Google Tools

Forum Moderators: open

Message Too Old, No Replies

Google Tools

wilderness

1:29 am on Aug 1, 2008 (gmt 0)

Might anybody be aware of "what tools" and what IP ranges are utilized by "each tool"

in the 66.249. Class C's 84 & 85?

wilderness

2:06 pm on Aug 1, 2008 (gmt 0)

It was not my desire to hi-jack the MSM thread and I thought this alternative a better option.

Yesterday Samizdata provided the following:

you can try the Google Wireless Transcoder [google.com]:

In order to make this work on my websites, I had to remove three different lines (one for an IP and two for UA's).
In addition, the images were utilized from a 66.249.84.zz, rather than a 72.14.

The UA used for these image requests is also slightly different from the normal transcoder UA and I'm not sure that it wouldn't trip some whitelisting that many of us are using?
Anybody aware?

My reference data regarding the 84 & 85 Class C's (which I deny) are nil! (bad practice).

TIA

Don

Samizdata

3:36 pm on Aug 1, 2008 (gmt 0)

Might anybody be aware of "what tools" and what IP ranges are utilized by "each tool"

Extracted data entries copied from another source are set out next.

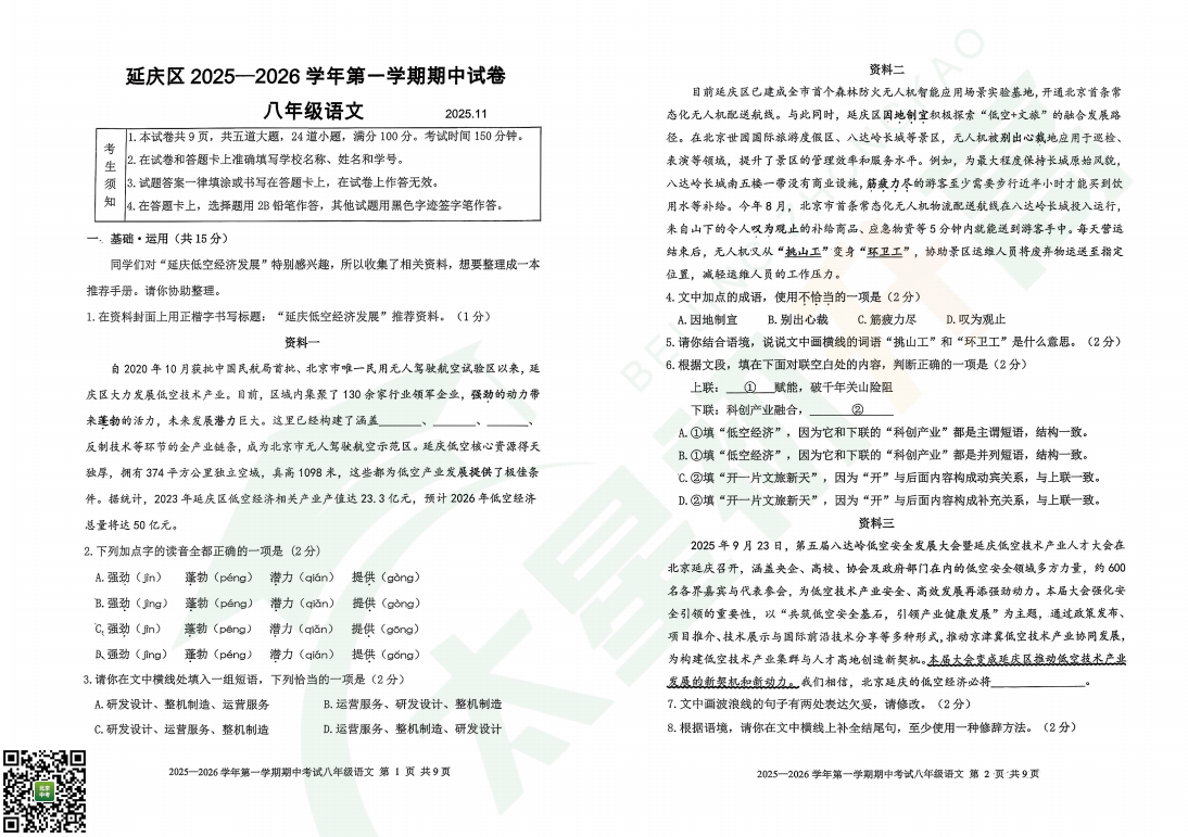 延庆区初二年级2025-2026学年度第一学期期中考试语文试卷发布!本文内含延庆区初二年级上学期期中考试试卷真题卷完整内容,家长可在文末下载查看。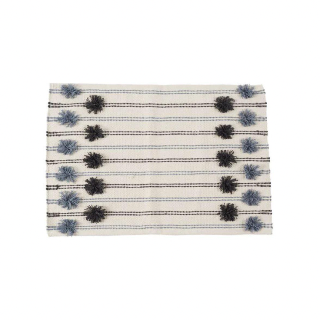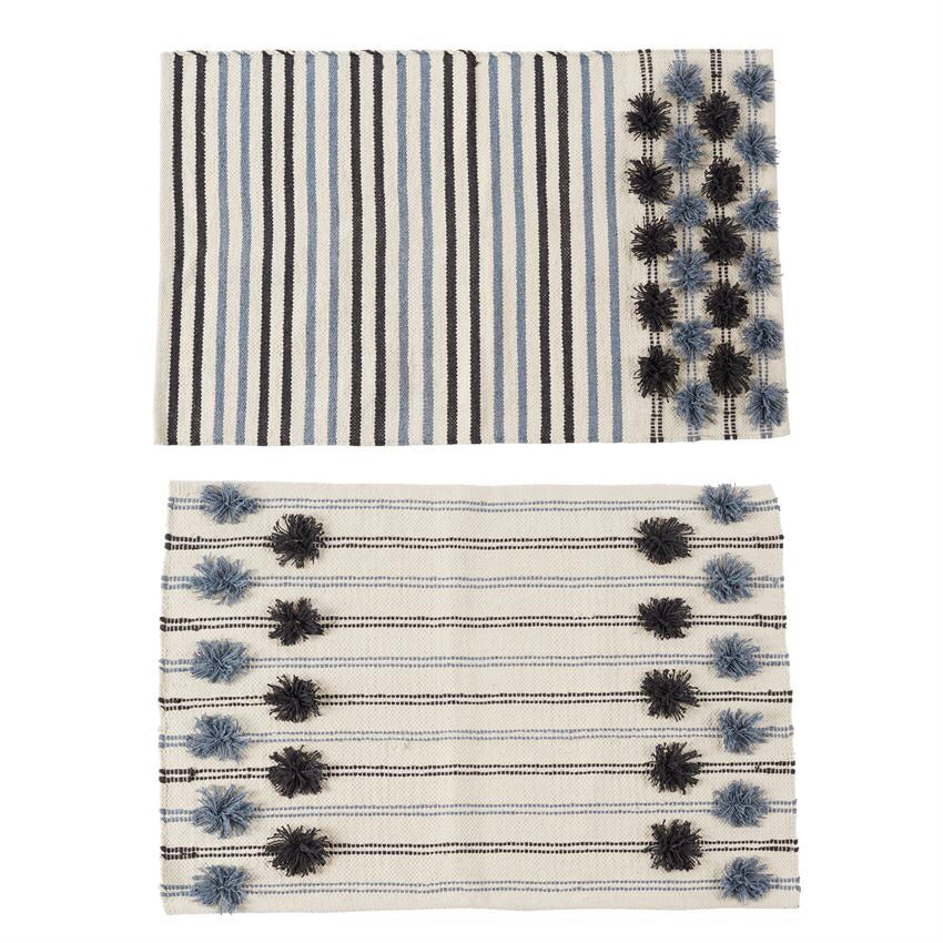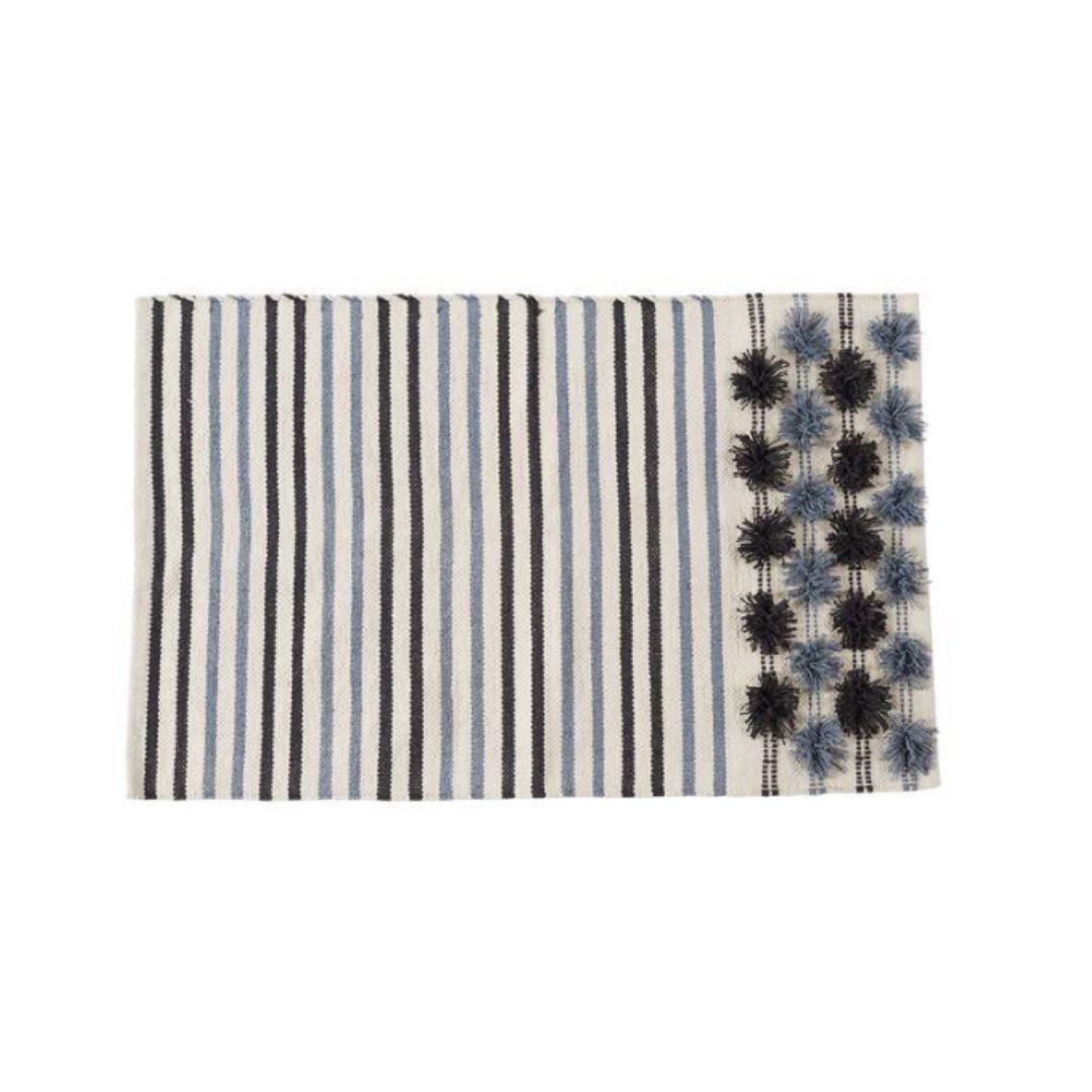 These 100% cotton throw rugs feature embroidered blue stripes and fringe pom-pom detail. Available in 2 styles.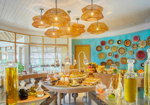ресторан Zeytounb (средиземноморская и ближневосточная кухни), ресторан Ocaso (японская, мексиканская и перуанская кухни), ресторан Thyme на пляже, бар Naiboli.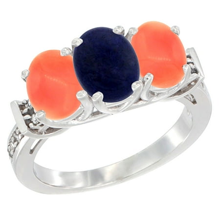 14K White Gold Natural Lapis & Coral Sides Ring 3-Stone Oval Diamond Accent, sizes 5 - 10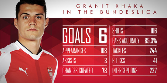 Xhaka hakkında konuşan menajer Arsena Wenger, "Granit Xhaka, heyecan verici genç bir oyuncu. Şampiyonlar Ligi ve Bundesliga tecrübesine de sahip. Uzun süredir takip ediyorduk, bize güç katacak" dedi.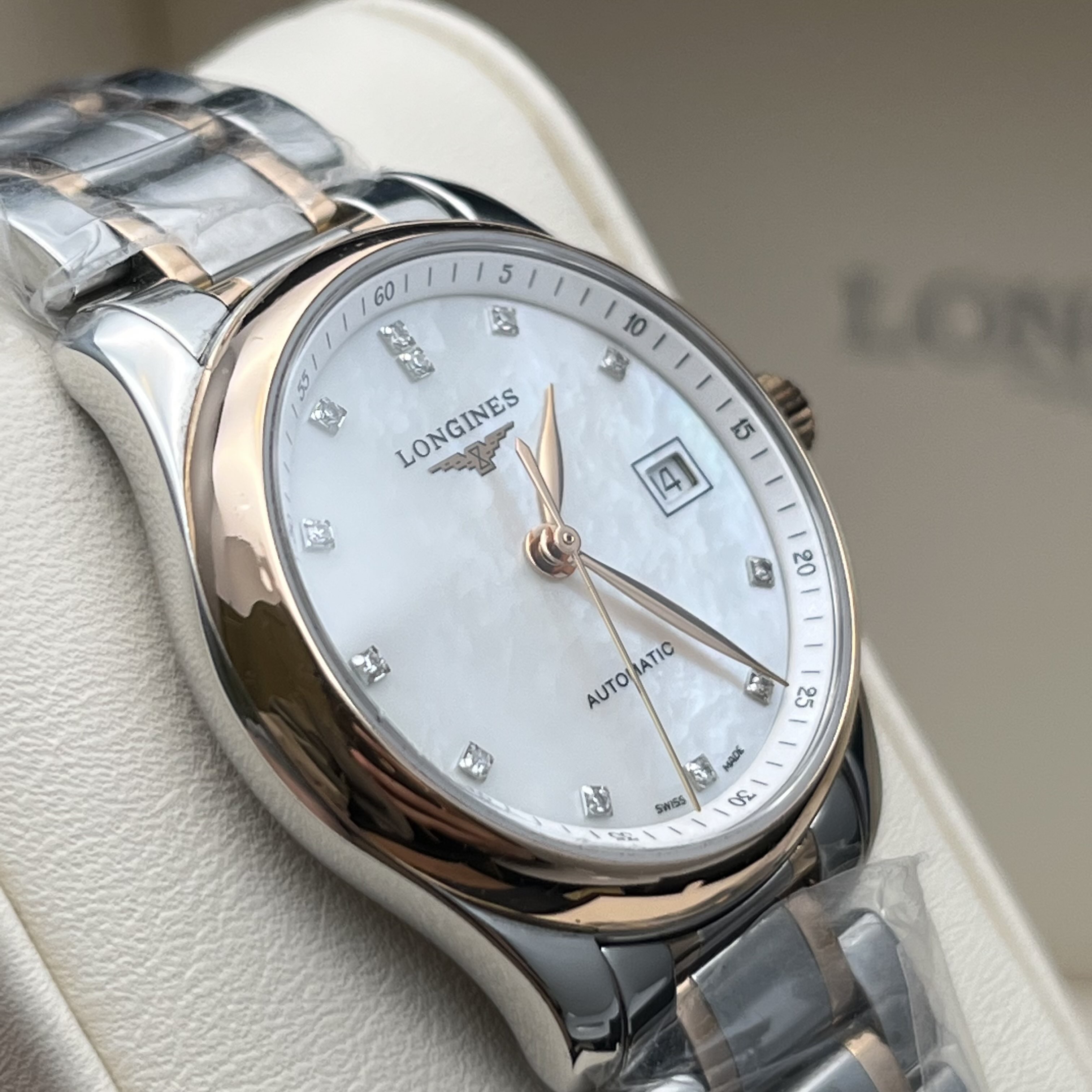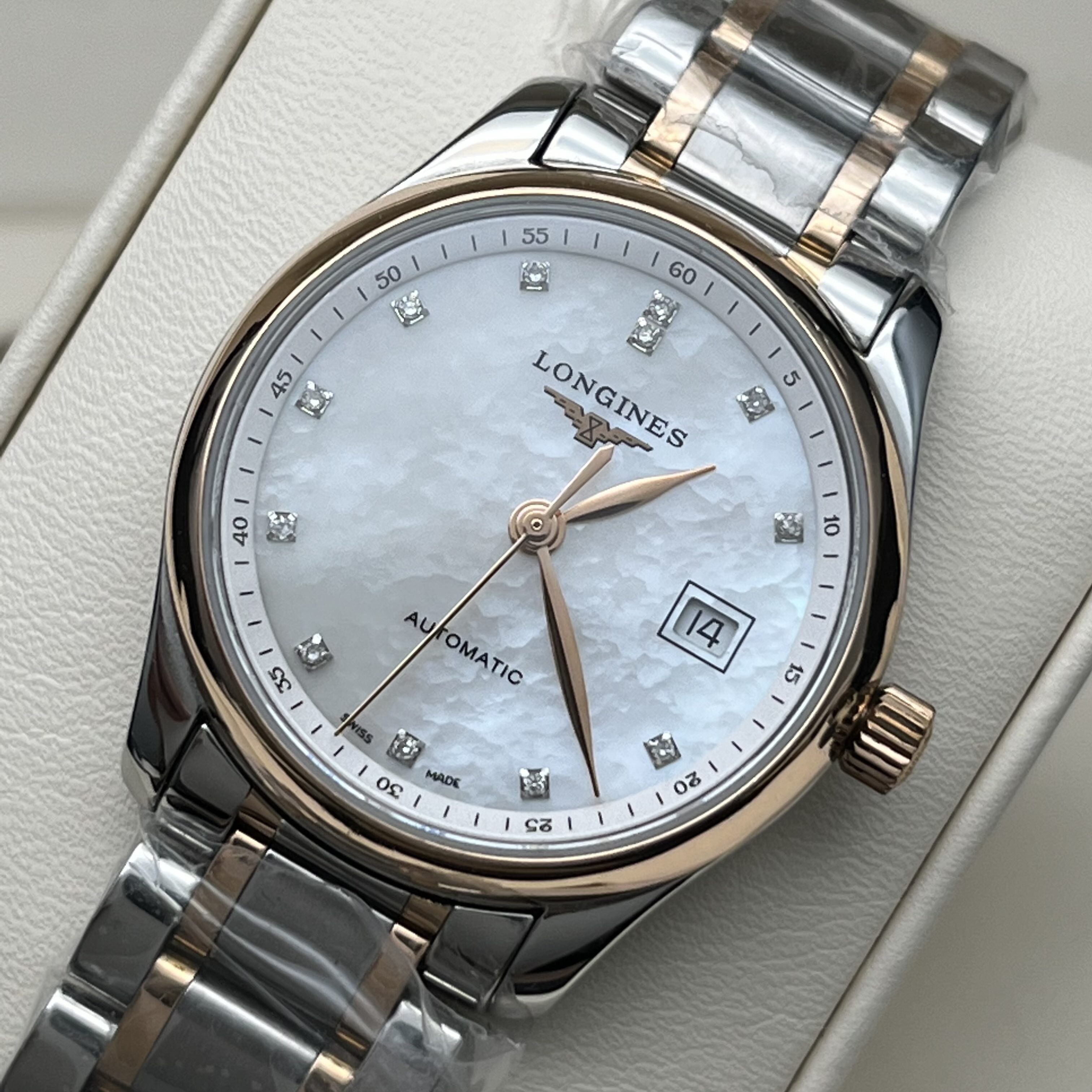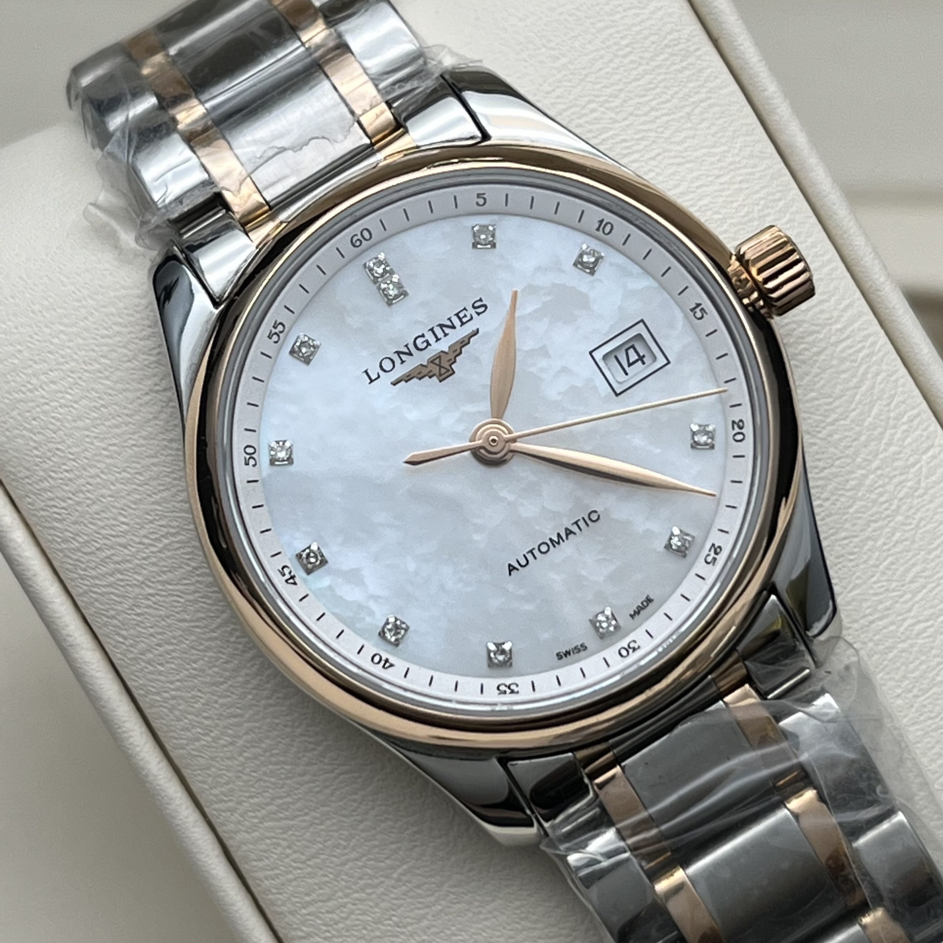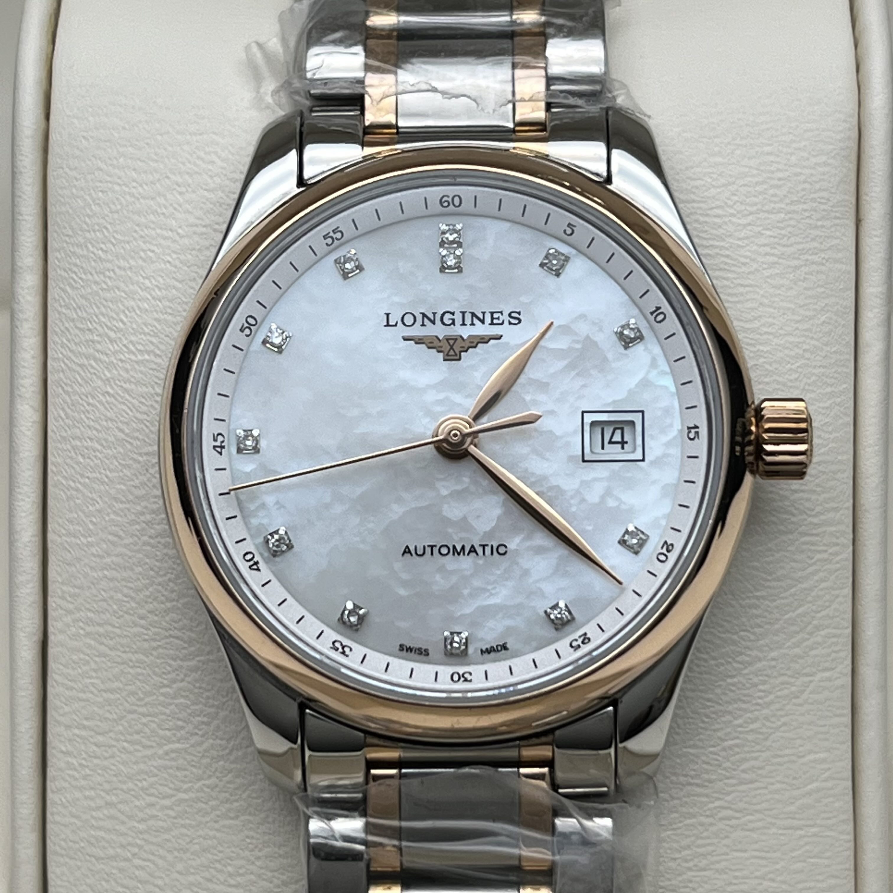 浪琴/Longines 浪琴表名匠系列 L2.257.5.89.7 自动上链机械机芯 精钢表壳/200微米 18K包金玫瑰金表圈 29.00mm 专柜价29200。

Some Google tools seem to use IP ranges interchangeably and cannot be isolated in this way.

The tools to consider are Wireless Transcoder, FeedFetcher, Sitemaps, Translator and Web Accelerator - plus the automated fetches (usually with a Linux/FireFox UA) that I have always assumed are "quality control" checks for deceptive cloaking.

Unlike some here I do not intercept any Google IPs, but as noted above it can be necessary to adjust .htaccess traps to make exceptions for thelr tools, and as incrediBILL has often pointed out there is potential for abuse in their proxy services. So informed choices are what we need.

The UA used for these image requests is also slightly different from the normal transcoder UA

Indeed - "Windows NT 5.0;Google Wireless Transcoder;" has no space after the semi-colon and may trip a check for a valid NT string unless an exception is made. Image requests can also use a different IP range to the associated HTML request.

Another exception I make is for Google-Sitemaps (Accept header), and the Web Accelerator also seems to have changed recently, though addressing it by IP always seemed a bad idea.

So I'm afraid there is no simple IP-based solution, and my method is to allow any Google-registered IP and deal with the various tools based on headers and user-agents, usually by making exceptions.

I concede that this is something of a Faustian pact, but Google are generally much better behaved (and more efficient) than any of their competitors. And they actually send human traffic.

In my experience, however, very few mobile devices use the Wireless Transcoder.

...

wilderness

3:49 pm on Aug 1, 2008 (gmt 0)

many thanks.

So I'm afraid there is no simple IP-based solution, and my method is to allow any Google-registered IP

Wish I could do this however due to my extensive RIPE restrictions, most translators are denied in my sites (a bad practice for most webmasters).

Same restrictions apply to Web Accelerators (not just Google), which are denied access to my sites as a result of my own desire to limit cache (also a bad practice for most webmasters).

In summary, I guess there is not a simple method for me to deal with these mobile devices (removing restrictions), I'll simply need to monitor my logs and then remove the previous rewrites through trial and error.

Sigh!

Samizdata

4:00 pm on Aug 1, 2008 (gmt 0)

Same restrictions apply to Web Accelerators

To clarify, I don't allow prefetching by Google Web Accelerator, but I don't block it by IP address.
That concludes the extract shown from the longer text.